In the entries below, find the line with "Keramická cukřenka z" and the line with "保育者と一緒に投げていると次", then retype both and everything between them exactly. Do not copy the pictures.

__Material for this exercise__
=== Section Start ===

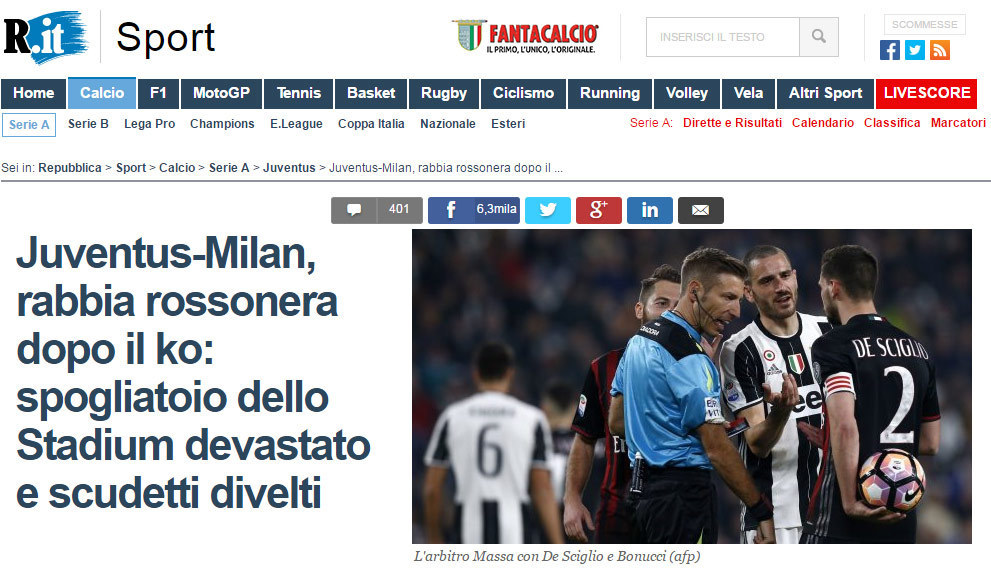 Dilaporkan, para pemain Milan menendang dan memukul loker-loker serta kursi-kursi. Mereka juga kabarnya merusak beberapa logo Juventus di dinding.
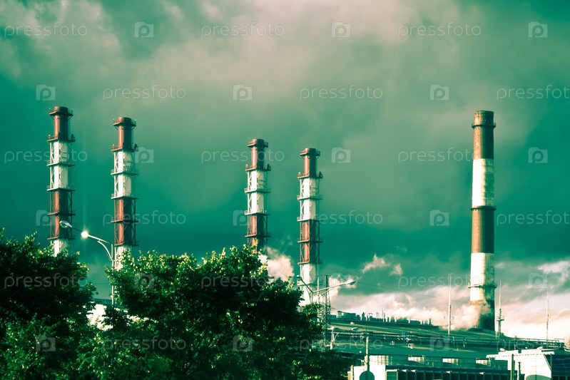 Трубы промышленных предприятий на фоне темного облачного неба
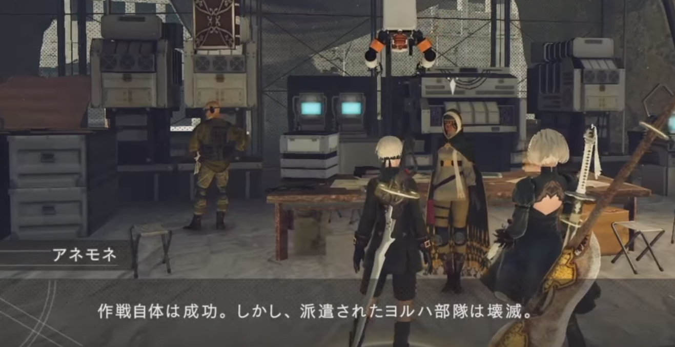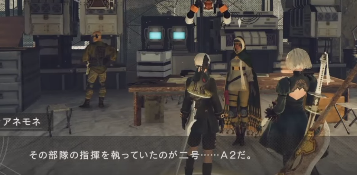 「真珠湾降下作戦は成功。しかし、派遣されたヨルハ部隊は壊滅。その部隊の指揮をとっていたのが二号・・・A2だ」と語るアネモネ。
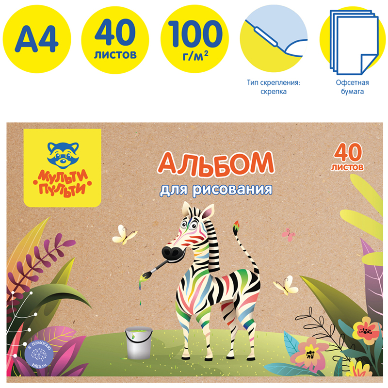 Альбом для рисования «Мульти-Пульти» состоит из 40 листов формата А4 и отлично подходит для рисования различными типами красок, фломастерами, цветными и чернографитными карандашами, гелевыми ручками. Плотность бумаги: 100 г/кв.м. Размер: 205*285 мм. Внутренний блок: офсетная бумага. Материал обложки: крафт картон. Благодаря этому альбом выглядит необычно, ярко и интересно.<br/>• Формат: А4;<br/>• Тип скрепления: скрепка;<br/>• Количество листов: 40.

=== Section End ===
=== Section Start ===

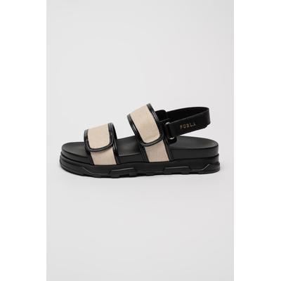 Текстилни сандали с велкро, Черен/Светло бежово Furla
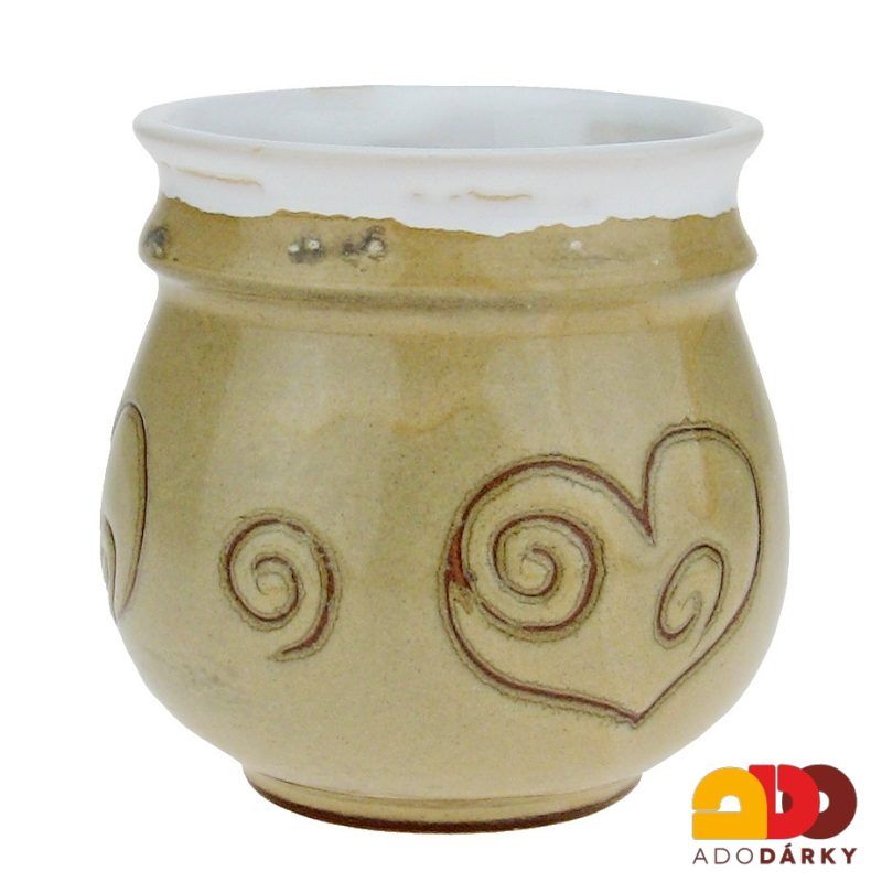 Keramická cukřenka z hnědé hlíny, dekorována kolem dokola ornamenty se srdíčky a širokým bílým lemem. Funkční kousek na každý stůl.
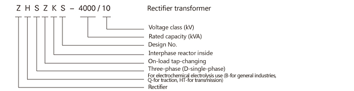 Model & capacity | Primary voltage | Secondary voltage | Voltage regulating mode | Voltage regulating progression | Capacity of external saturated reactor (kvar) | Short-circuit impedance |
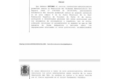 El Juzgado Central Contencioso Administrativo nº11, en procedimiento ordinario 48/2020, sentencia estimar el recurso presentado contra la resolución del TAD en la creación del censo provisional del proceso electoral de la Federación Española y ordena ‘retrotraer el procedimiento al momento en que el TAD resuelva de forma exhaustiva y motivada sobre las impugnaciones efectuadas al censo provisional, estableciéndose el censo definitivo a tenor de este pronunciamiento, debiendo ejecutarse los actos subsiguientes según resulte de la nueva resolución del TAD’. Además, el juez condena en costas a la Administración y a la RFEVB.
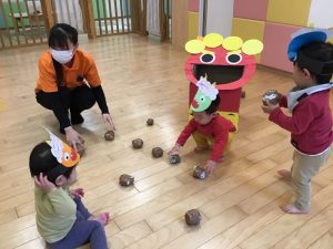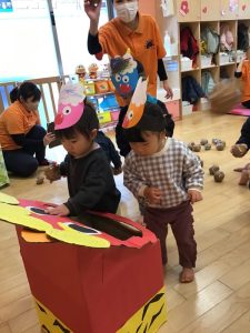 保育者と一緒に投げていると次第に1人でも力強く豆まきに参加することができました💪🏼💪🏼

=== Section End ===

__Finished exercise__
 Keramická cukřenka z hnědé hlíny, dekorována kolem dokola ornamenty se srdíčky a širokým bílým lemem. Funkční kousek na každý stůl.
 Model & capacity | Primary voltage | Secondary voltage | Voltage regulating mode | Voltage regulating progression | Capacity of external saturated reactor (kvar) | Short-circuit impedance |
 El Juzgado Central Contencioso Administrativo nº11, en procedimiento ordinario 48/2020, sentencia estimar el recurso presentado contra la resolución del TAD en la creación del censo provisional del proceso electoral de la Federación Española y ordena ‘retrotraer el procedimiento al momento en que el TAD resuelva de forma exhaustiva y motivada sobre las impugnaciones efectuadas al censo provisional, estableciéndose el censo definitivo a tenor de este pronunciamiento, debiendo ejecutarse los actos subsiguientes según resulte de la nueva resolución del TAD’. Además, el juez condena en costas a la Administración y a la RFEVB.
 保育者と一緒に投げていると次第に1人でも力強く豆まきに参加することができました💪🏼💪🏼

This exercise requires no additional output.